*TO DO*: Produce the lines from the one containing "MONCLER/モンクレール MIRIEL/ミリエル ダウンジャケット" through the end of the material exactly as they appear, both ends included, and leave the pictures out.

*INFORMATION SUPPLIED*:
######

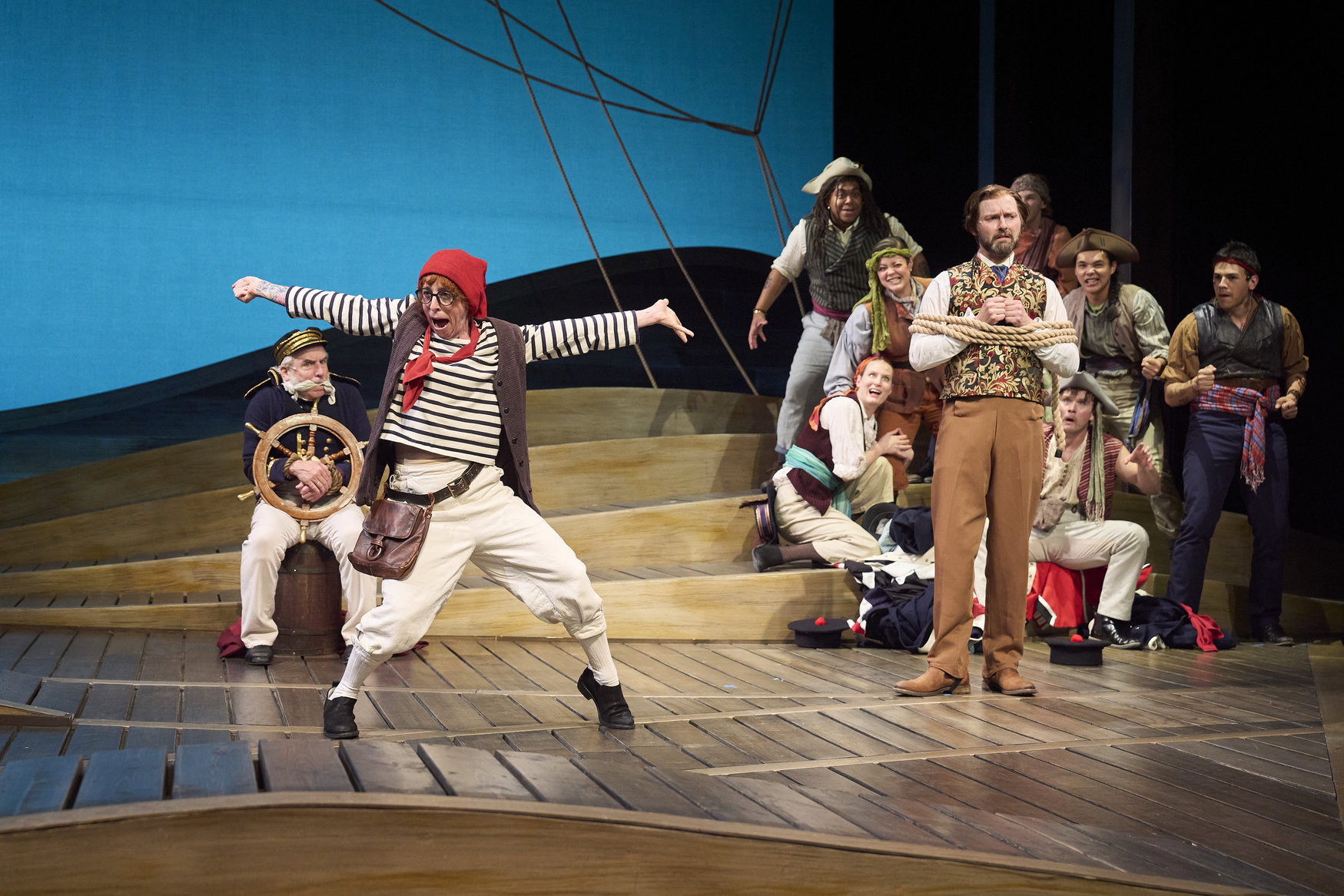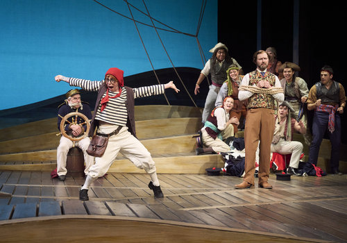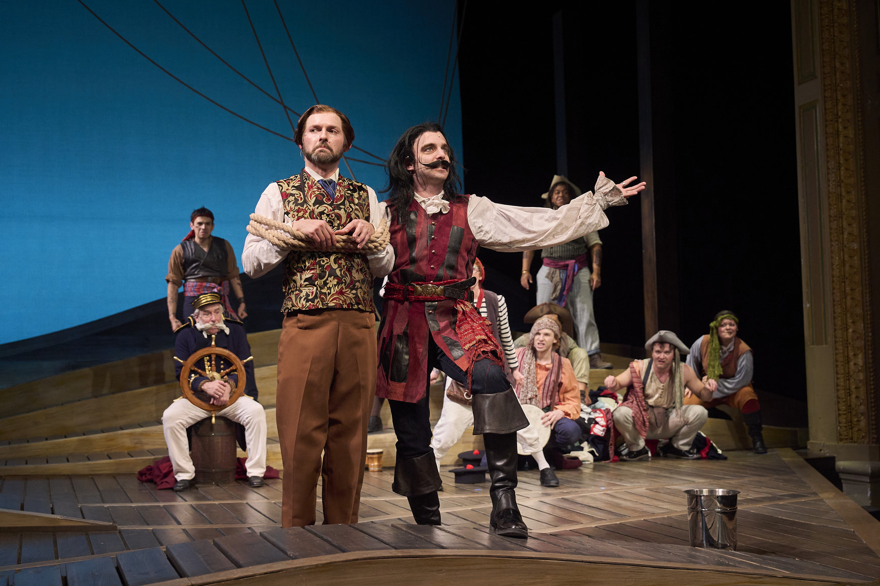 Smee (actor, Theo Allyn*) shares the current predicament to Lord Astor (actor, James Alexander Rankin*) as his fellow pirates (actors from left to right Dar'Jon Marquise Bentley, Jessie Cope Miller*, Grayson Heyl*, Evan Stevens*, Nic Scott Hermick*, Benjamin Michael Hall* and Jeremy Gallardo*) and Captain Scott (actor, M.A.Taylor*) look on in the Great Lakes Theater production of Peter and the Starcatcher at the Hanna Theatre, Playhouse Square, running through March 2. (Photo by Roger Mastroianni) *Member Actors' Equity Association, the Union of Professional Actors and Stage Managers in the United States
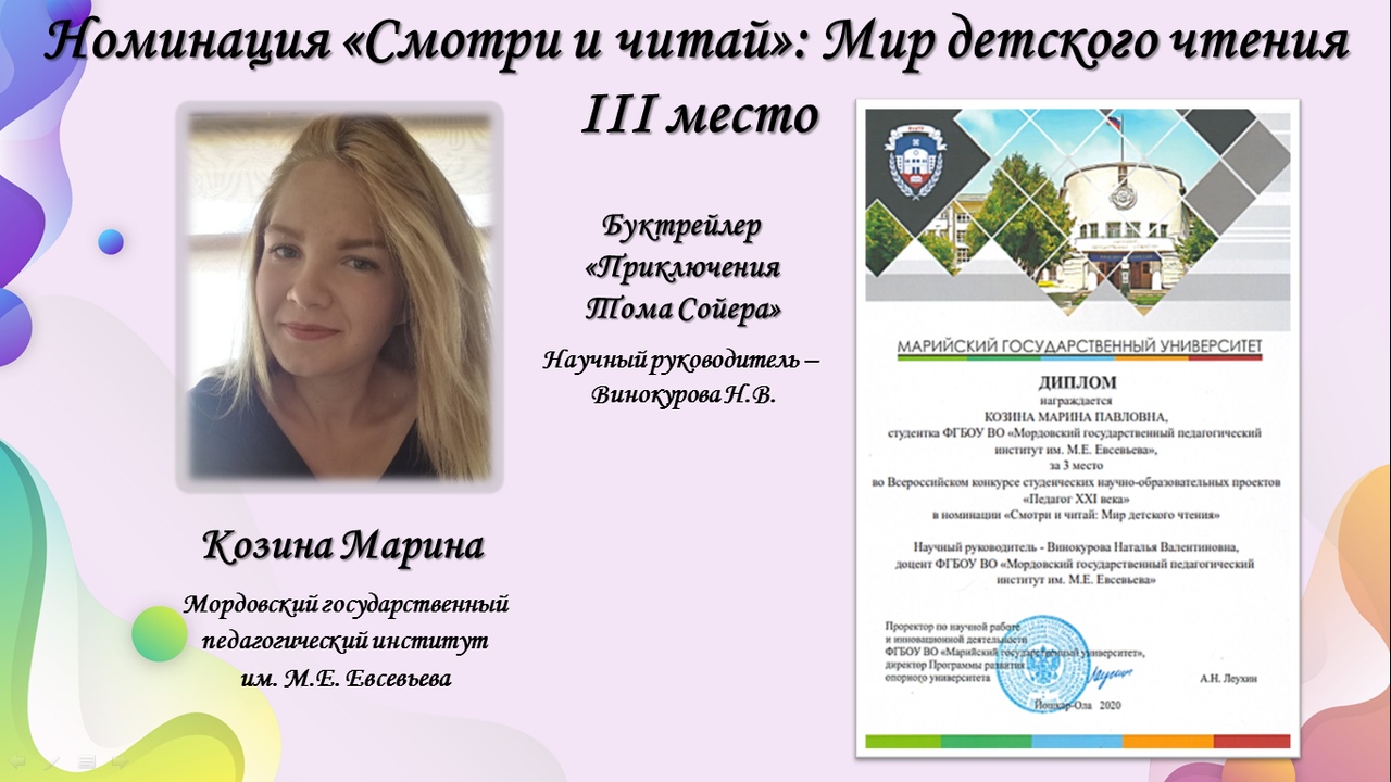 22 мая состоялось подведение итогов Конкурса в формате видеоконференции. Проект буктрейлера детской книги студентки 3 курса факультета педагогического и художественного образования Марины Козиной занял 3 место в номинации «Смотри и читай» (руководитель Н. В. Винокурова).
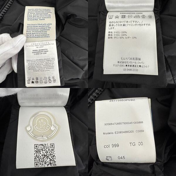 MONCLER/モンクレール MIRIEL/ミリエル ダウンジャケット C20934685205 C0059/ブラック/00
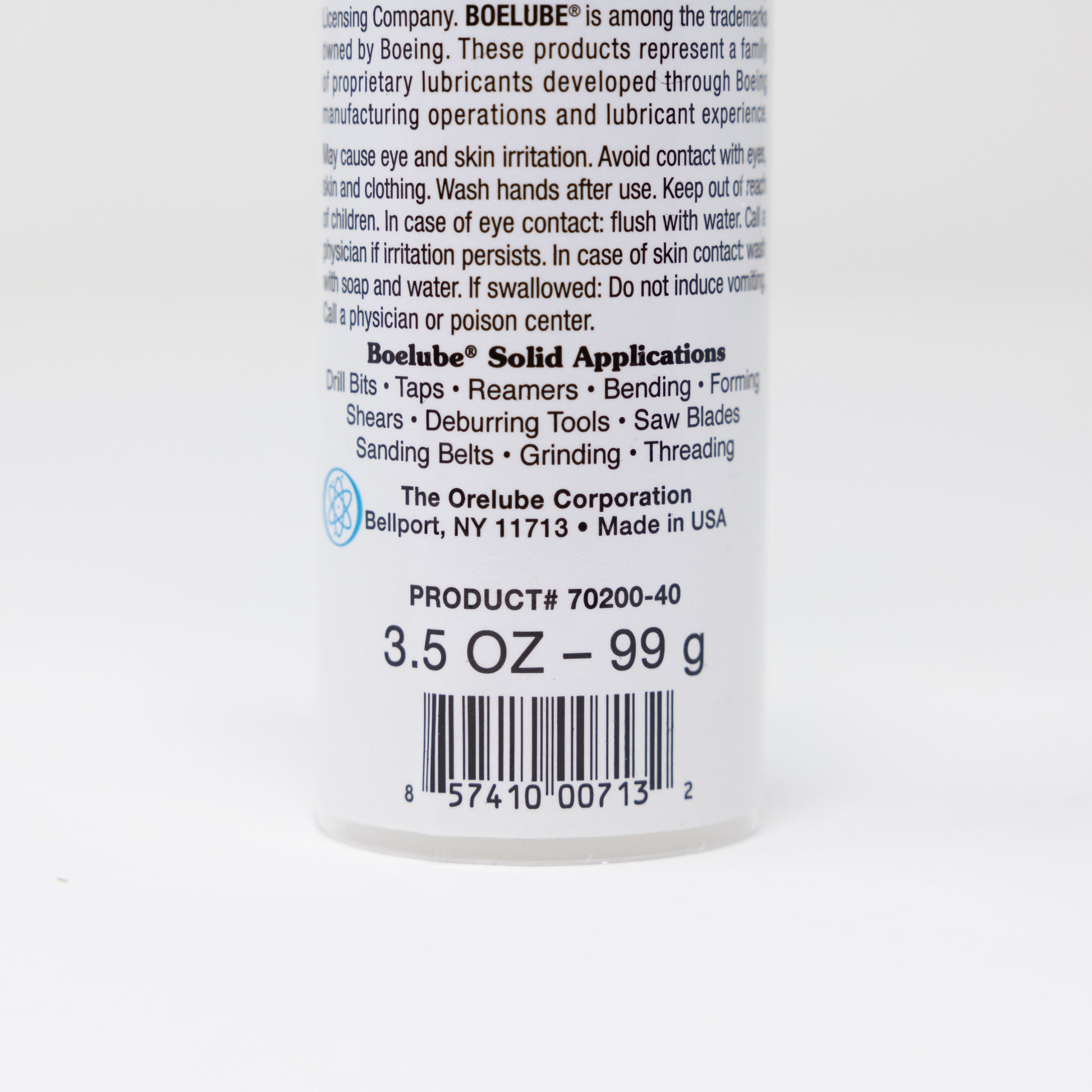 BOELUBE is non-corrosive, non-flammable, chemically stable, and free of halogens, sulfur, phosphorus, silicone, petroleum and paraffin wax.

######

*SOLUTION TO THIS PROBLEM*:
 MONCLER/モンクレール MIRIEL/ミリエル ダウンジャケット C20934685205 C0059/ブラック/00
 BOELUBE is non-corrosive, non-flammable, chemically stable, and free of halogens, sulfur, phosphorus, silicone, petroleum and paraffin wax.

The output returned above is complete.